> _ACTION ITEM_
Your task is to restate word for word the lines in the material below, from the one with "Avant-verlag, Berlin, 2019" up to and including the one with "米国スタンダドー石油特約販売店 | 引き札 |". Do not carry over the pictures.

** Opening PROVIDED INFORMATION block **

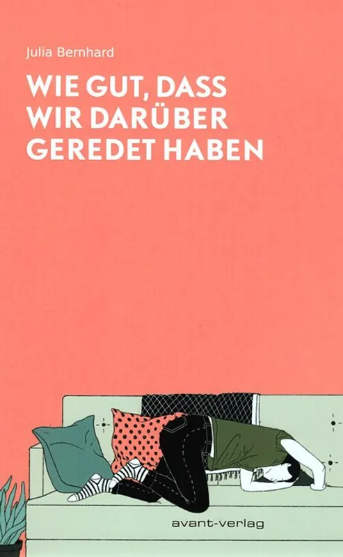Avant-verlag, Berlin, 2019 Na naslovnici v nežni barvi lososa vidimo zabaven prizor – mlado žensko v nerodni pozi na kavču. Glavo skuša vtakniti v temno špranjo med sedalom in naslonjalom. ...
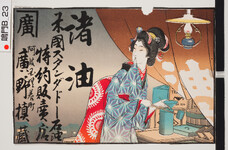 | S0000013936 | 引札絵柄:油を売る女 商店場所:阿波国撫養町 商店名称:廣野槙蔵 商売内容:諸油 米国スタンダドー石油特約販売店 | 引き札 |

** Closing PROVIDED INFORMATION block **
** Opening PROVIDED INFORMATION block **

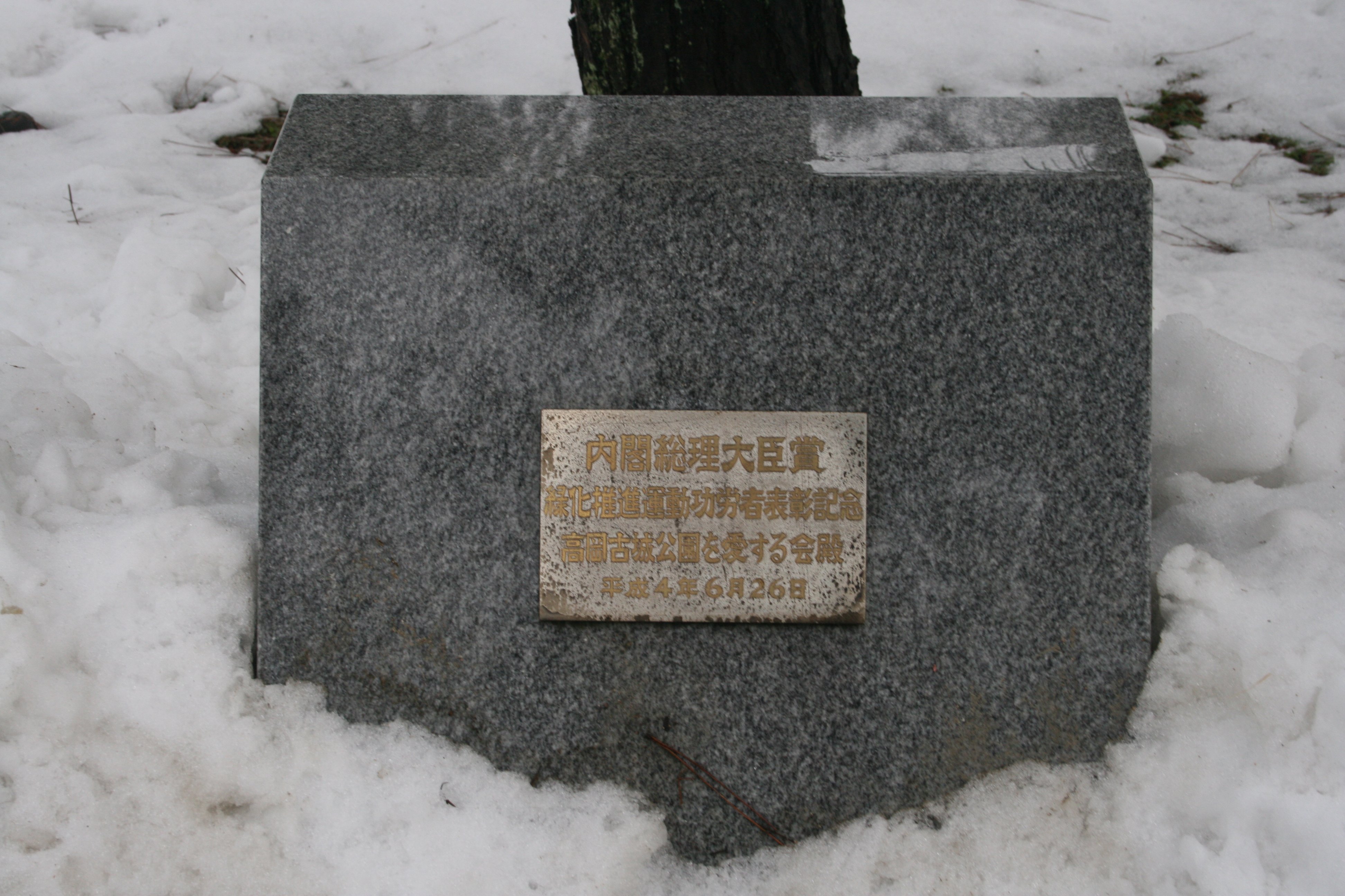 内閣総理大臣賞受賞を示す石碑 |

** Closing PROVIDED INFORMATION block **

> _EXERCISE OUTPUT_
Avant-verlag, Berlin, 2019 Na naslovnici v nežni barvi lososa vidimo zabaven prizor – mlado žensko v nerodni pozi na kavču. Glavo skuša vtakniti v temno špranjo med sedalom in naslonjalom. ...
 | S0000013936 | 引札絵柄:油を売る女 商店場所:阿波国撫養町 商店名称:廣野槙蔵 商売内容:諸油 米国スタンダドー石油特約販売店 | 引き札 |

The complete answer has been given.